Elizabeth May Green Saanich—Gulf Islands, BC

Mr. Chair, yes, I would like to speak to PV-10.

Again, this is consistent with earlier efforts to amend the act, in this case returning to the discussion we had earlier of non-use values. In subclause 20(3) of C-22, in determining the amount of liability and proof of financial wherewithal to deal with potential damage, the National Energy Board is specifically directed:

When the National Energy Board determines an amount under subsection (1) or (2), the Board is not required to consider any potential loss of non-use value relating to a public resource that is affected by a spill or the authorized discharge....

My amendment is very straightforward. It alters the paragraph 180 degrees to say that as an affirmative responsibility, the National Energy Board is required to consider any potential loss of non-use value. This amendment also comes from the brief by Ecojustice and was presented as their fourth recommendation.

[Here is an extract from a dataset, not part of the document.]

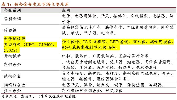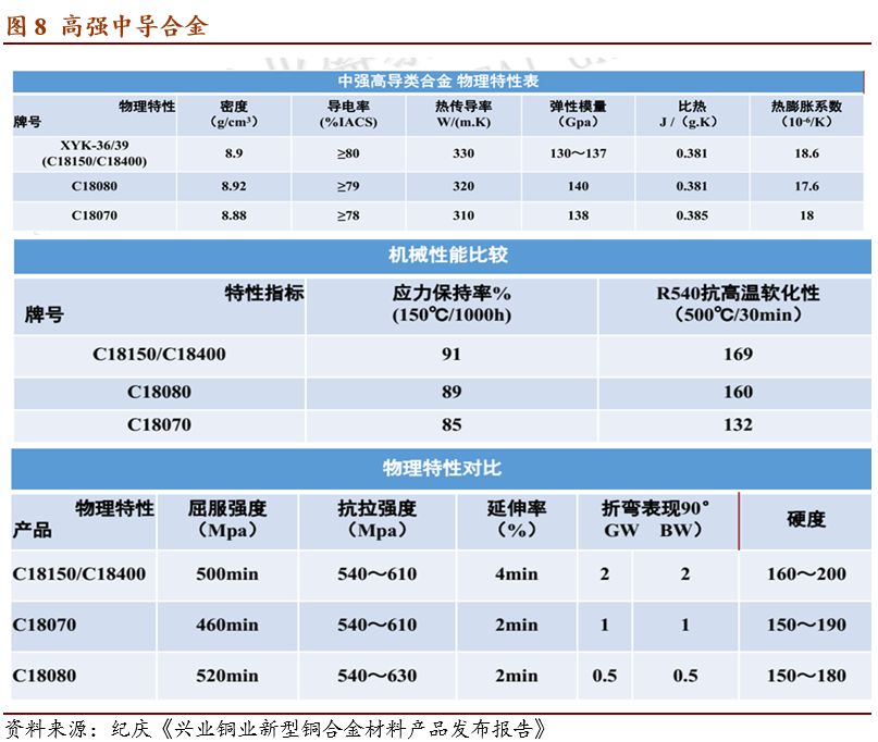 2.Cu-Ni-Si和Cu-Cr-Zr合金板带属于中高强度高导电率合金,国内博威合金已经可以批量化生产,兴业盛泰铜业可以批量化生产Cu-Ni-Si合金。铍铜(Cu-Be)国内仅有东方钽业可以生产,Cu-Ti国内公司还无法供应。尤其是Cu-Ni-Si合金由于优异的高温稳定性,在电子领域开始广泛应用。
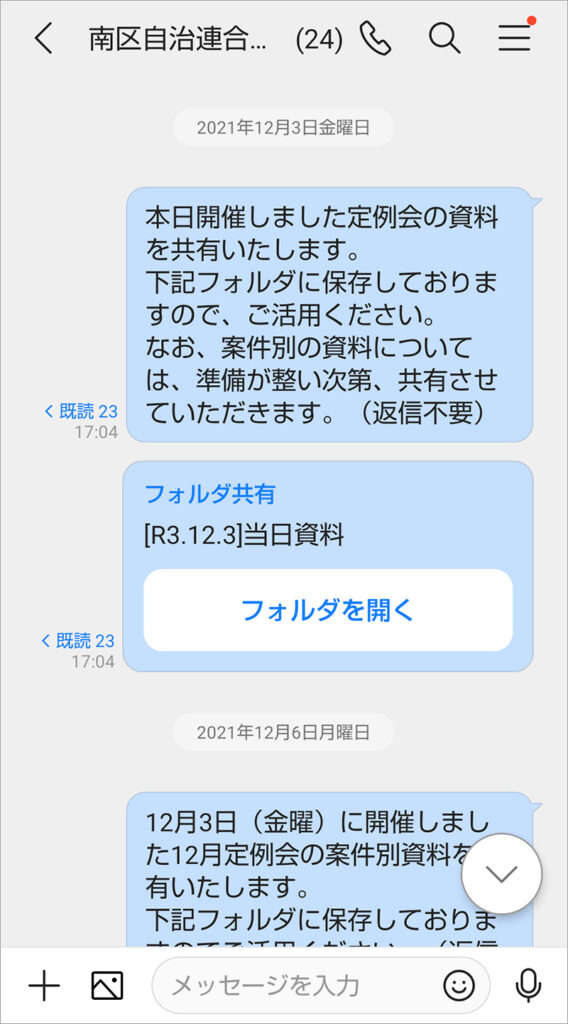 自分が使いたいときにすぐに資料を引き出すことができるフォルダ機能で、資料提供が容易にできることをお伝えしました。それまで会議の資料はEメールで送っていたのですが、行政システムを介したEメールはセキュリティが厳しく、受け手として添付資料を開くのが大変手間だとお叱りを受けていました。その辺りもLINE WORKSであれば容易になることをお伝えしたところ、肯定的な意見も出始め、令和3年度は本格的に使う方向で検討していくことになりました。

Under Bill C-22, we're asking that the industries that operate within these new liability limits have proof of financial resources to pay for damages up to the absolute liability. We're not requiring them to show that they have financial resources to deal with the potential for unlimited at-fault liability, which of course remains, as we've heard from the officials.

When you don't have to consider potential costs associated with environmental losses, or so-called non-use losses, damaged ecological systems, and so on, when determining whether they have the financial wherewithal to pay, you've left out a significant part of what the ultimate damages may be.

I think the effect of my amendment is clear. If the act is to be serious about suggesting there will be liability for non-use values, environmental values, and loss of cultural and traditional rights within the act, then we really should be removing the “not” that appears in subclause 3.

Thank you, Mr. Chair.

June 10th, 2014 / 9:05 a.m.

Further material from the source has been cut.